Section 4.               Representations and Warranties of the Stockholders.  Each Stockholder on such Stockholder’s own behalf hereby severally, and not jointly, represents and warrants to Buyer as follows:

(a)   Ownership of Shares.  Except as set forth on Schedule I hereto, the Stockholder (i) is the sole owner of record and Beneficial Owner of all of the Shares as set forth opposite his, her or its name on Schedule I hereto and (ii) has sole voting power with respect to all of such Shares and has not entered into any voting agreement or voting trust with respect to any such Shares and has not as of the date hereof granted a proxy, a consent or power of attorney with respect to such Shares and, so long as this Agreement is in effect, will not grant any such proxies, consents and powers of attorney with respect to such Shares that are inconsistent with this Agreement.
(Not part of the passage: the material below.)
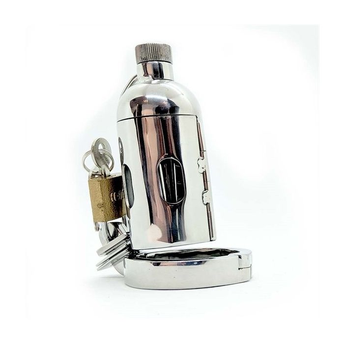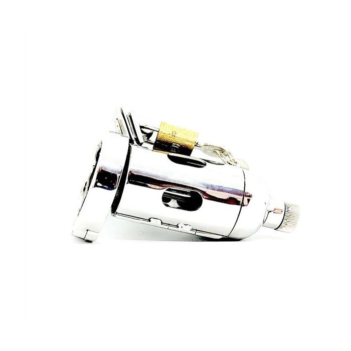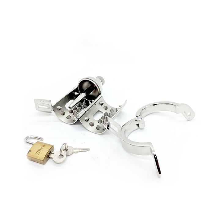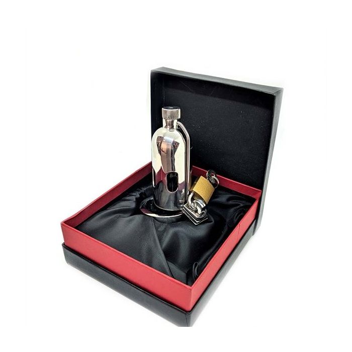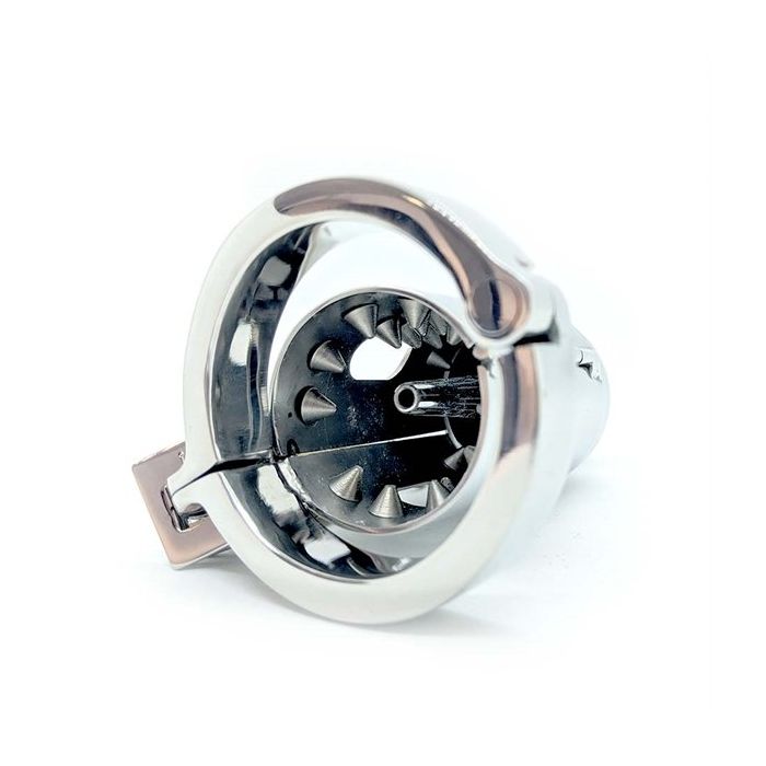 Bist du auf der Suche nach einem sehr kinky Peniskäfig, bei dem Lust und Schmerz zusammenkommen? Dann bist du bei diesem Edelstahl-Peniskäfig Pleasure Dome genau richtig. Der Peniskäfig ist mit spannenden Spikes ausgestattet und verfügt sogar über einen 7 mm Penisstick, den du mit dem Drehverschluss an der Vorderseite des Peniskäfigs verriegeln kannst. Der Ring wird um das gesamte Paket befestigt, um dann den Peniskäfig mit dem mitgelieferten Schloss zu schließen. Bist du ein BDSM-Liebhaber, der auf der Suche nach einem sehr kinky Keuschheitskäfig ist? Dann ist dies ein absoluter Tipp!

(b)   Power, Binding Agreement.  The Stockholder has the requisite power and authority to enter into and perform all of its obligations under this Agreement and no further proceedings or actions on the part of such Stockholder are necessary to authorize the execution, delivery or performance by such Stockholder of this Agreement or the consummation by such Stockholder of the transactions contemplated hereby. This Agreement has been duly and validly executed and delivered by the Stockholder and constitutes a valid and binding obligation of the Stockholder, enforceable against the Stockholder in accordance with its terms.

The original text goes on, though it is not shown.